Task instructions => Output the listing below verbatim, without images.

Provided data =>
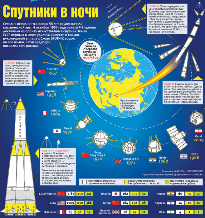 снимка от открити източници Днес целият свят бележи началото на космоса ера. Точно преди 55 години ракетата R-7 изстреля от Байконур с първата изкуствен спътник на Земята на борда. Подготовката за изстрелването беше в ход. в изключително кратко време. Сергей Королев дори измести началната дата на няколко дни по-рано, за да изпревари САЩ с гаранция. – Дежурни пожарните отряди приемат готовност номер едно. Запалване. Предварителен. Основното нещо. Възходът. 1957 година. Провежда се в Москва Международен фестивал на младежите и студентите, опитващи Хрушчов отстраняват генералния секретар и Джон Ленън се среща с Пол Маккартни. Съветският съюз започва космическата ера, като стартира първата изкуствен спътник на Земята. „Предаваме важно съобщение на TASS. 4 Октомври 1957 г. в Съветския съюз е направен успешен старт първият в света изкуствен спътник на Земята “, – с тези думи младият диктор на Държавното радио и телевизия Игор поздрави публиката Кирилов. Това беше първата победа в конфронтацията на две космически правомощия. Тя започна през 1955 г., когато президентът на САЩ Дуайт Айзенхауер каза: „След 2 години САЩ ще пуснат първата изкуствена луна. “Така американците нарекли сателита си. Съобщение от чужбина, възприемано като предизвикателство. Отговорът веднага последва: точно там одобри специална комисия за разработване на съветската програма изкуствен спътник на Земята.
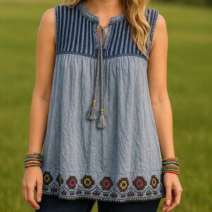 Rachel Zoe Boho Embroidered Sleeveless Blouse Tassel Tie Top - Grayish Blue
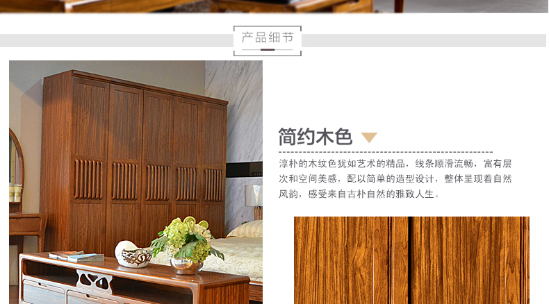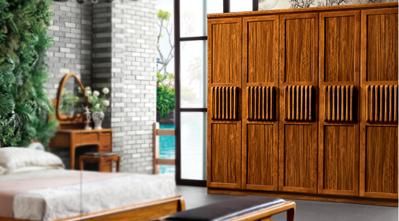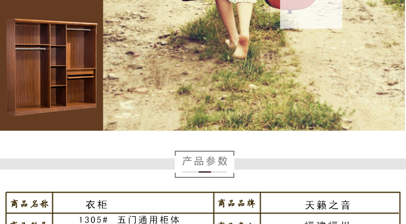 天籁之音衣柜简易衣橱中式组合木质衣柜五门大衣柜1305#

Solution to this task =>
 снимка от открити източници Днес целият свят бележи началото на космоса ера. Точно преди 55 години ракетата R-7 изстреля от Байконур с първата изкуствен спътник на Земята на борда. Подготовката за изстрелването беше в ход. в изключително кратко време. Сергей Королев дори измести началната дата на няколко дни по-рано, за да изпревари САЩ с гаранция. – Дежурни пожарните отряди приемат готовност номер едно. Запалване. Предварителен. Основното нещо. Възходът. 1957 година. Провежда се в Москва Международен фестивал на младежите и студентите, опитващи Хрушчов отстраняват генералния секретар и Джон Ленън се среща с Пол Маккартни. Съветският съюз започва космическата ера, като стартира първата изкуствен спътник на Земята. „Предаваме важно съобщение на TASS. 4 Октомври 1957 г. в Съветския съюз е направен успешен старт първият в света изкуствен спътник на Земята “, – с тези думи младият диктор на Държавното радио и телевизия Игор поздрави публиката Кирилов. Това беше първата победа в конфронтацията на две космически правомощия. Тя започна през 1955 г., когато президентът на САЩ Дуайт Айзенхауер каза: „След 2 години САЩ ще пуснат първата изкуствена луна. “Така американците нарекли сателита си. Съобщение от чужбина, възприемано като предизвикателство. Отговорът веднага последва: точно там одобри специална комисия за разработване на съветската програма изкуствен спътник на Земята.
 Rachel Zoe Boho Embroidered Sleeveless Blouse Tassel Tie Top - Grayish Blue
 天籁之音衣柜简易衣橱中式组合木质衣柜五门大衣柜1305#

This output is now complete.